Tuesday, April 17, 2012

Who is the source of stress here?

Sometimes I think I should rename this blog 'fumbling through motherhood'....I've spent many an hour racking my brains over the source of my child's meltdowns in the morning on the days I go to work and every night when I make dinner. They began around 12 months old and now, at 29 months continue on a mostly daily basis.

I know some of it is fatigue and hunger and some is the stress of being away from me or the prospect of being away from me. I've tried just about everything to solve the issue - given my undivided attention upon returning home for 10-15 minutes, put on Sesame Street, created art projects to be done 3 feet away from me, put on music, read books in between chopping vegetables, yelled, ignored, given time outs. Nothing has made a difference.

In the last week I decided it was time to return with a serious bent to my yoga and meditation practice. I've been so aware of how off-kilter I've felt since the beginning of the year. Frankly, I find myself miserable to live with, I can't even imagine how the other two people in this house can deal with it.

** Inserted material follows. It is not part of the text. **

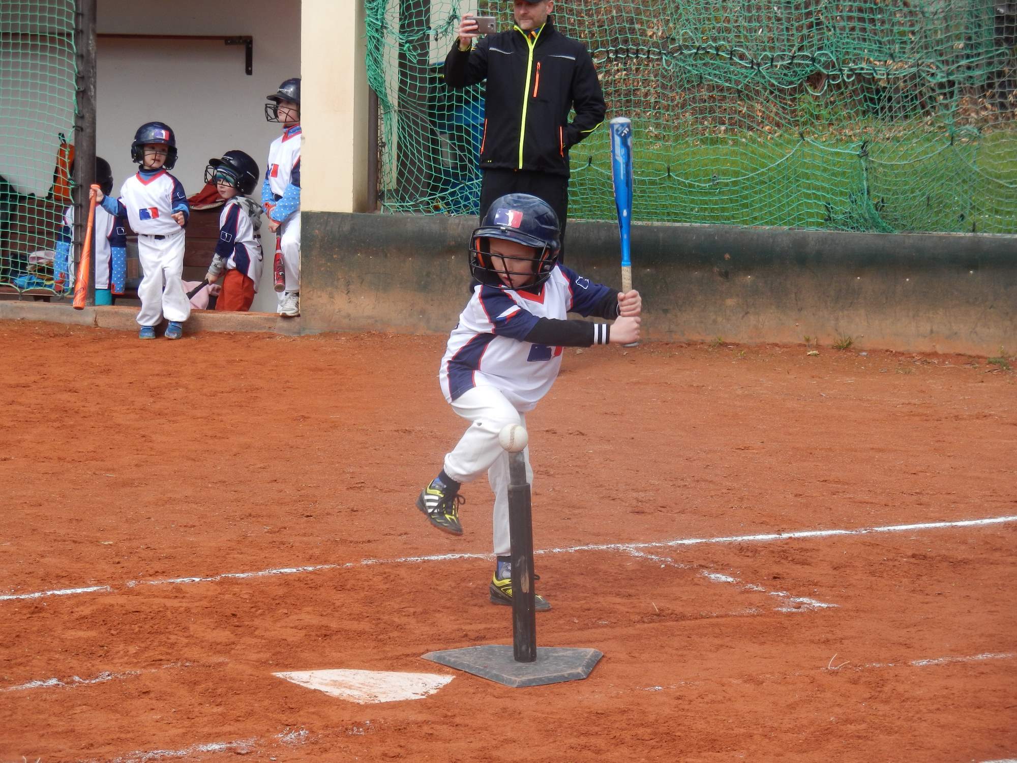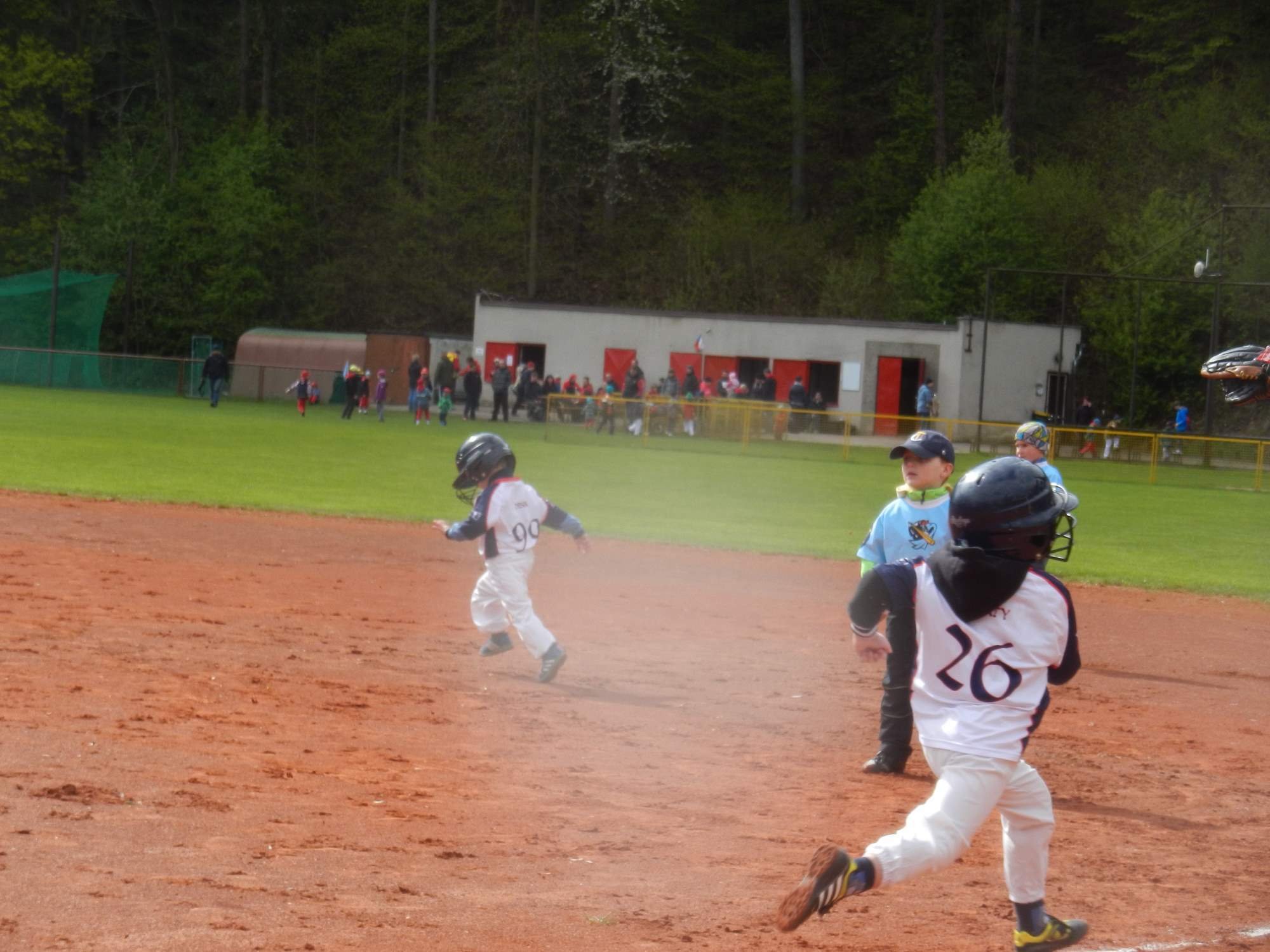 Zápas začínáme v poli. Je nás pět, takže obsazujeme pouze vnitřní pole. Rozhodčí se mě ptá, jestli máme kečra. Prstem ukážu do pole, že máme pouze tohle, ale že to klidně odkečruju já. Na kečrovi předvádím spolehlivý výkon a tajně doufám, že pokud u baseballu vydržím, že se na posledním turnaji dočkám své první medaile. Ale zpátky k zápasu. První pálkař se nám dostává na metu. Další dva jsou ale aut po ose kruh-první meta. Poté se soupeři podaří obsadit všechny mety, ale Maty šlape domácí a za stavu 0:1 jdeme pálit. Klárka je aut na jedničce, Denda, Máťa i Táďa obsazují mety. Pálit jde Amálka, Linda ji rovná u stativu, Amálka pálí a Táďa si při úprku z jedničky trochu popletl směr a místo na druhou metu si to pádí do zadního pole. Bohužel je to aut, ale dobrá zkušenost, příště už to nesplete. Když je třetí aut Klárka, jdeme za stavu 1:1 bránit. Obrana funguje naprosto skvěle a na čtyři pálkaře děláme tři rychlé auty a jdeme zase pálit. Ve druhé směně se nám opět daří stáhnout domů Dendu a za stavu 2:1 jdeme do poslední směny. První čtyři pálkaři soupeře se nám dostávají na metu, pak se ale pole uklidní, děláme tři rychlé auty a za stavu 2:3 jdeme pálit (zápis je v tomto bodě trochu nejasný, buď jsme ve třetí směně udělali čtyři auty, nebo inkasovali tři doběhy). Maty obsazuje první metu, Táďa je aut na jedna, Amálka obsazuje jedničku, Klárka obsazuje jedničku a Maty srovnává na 3:3, Denda aut na jedna, Maty obsazuje jedničku a Amálka otáčí na 4:3, Táďa obsazuje jedničku a Klárka zvyšuje na 5:3, Amálka je aut na jedničce.

So, I've gotten up between 5:45 and 6am and tiptoed downstairs where I've done 45 minutes of yoga, 5 minutes of breath practice and 5 or 10 minutes of meditation. What I've noticed is a marked change in my sense of balance. I feel better. I feel like Sarah on a good day.

In my meditation I often visualize sitting on the dock at the Eckel's Camp, a place I would go swimming with my grandparents as a child. It is probably the place that I most equate with happiness and safety. My time there, usually with my grandparents, was filled with nothing but joy. Now, when I close my eyes, I can feel, see and smell the surroundings - cool pine needles crunching as I step on them. The weathered wood of the dock that is warmed by the sun. The sound of the water lapping against the shore. The feel of the vinyl seats in my grandparents subaru.

The person that I most wish I could talk with about my role as a mother is my grandmother. A person, who, it seems, had endless patience and the deepest well of happiness I've ever known. I so wish I could travel back in time, staying the age I am now, but being with her when she was 65 or 70 so we could talk about just how she did it.

So, in my meditation I imagine she is sitting with me on the dock, holding my hand. I can so clearly evoke the feel of her hands, the texture of their skin, the spots that peppered their backs and the smell of her paquin hand cream. I try to allow myself to feel the same sense of patience that I always perceived she had.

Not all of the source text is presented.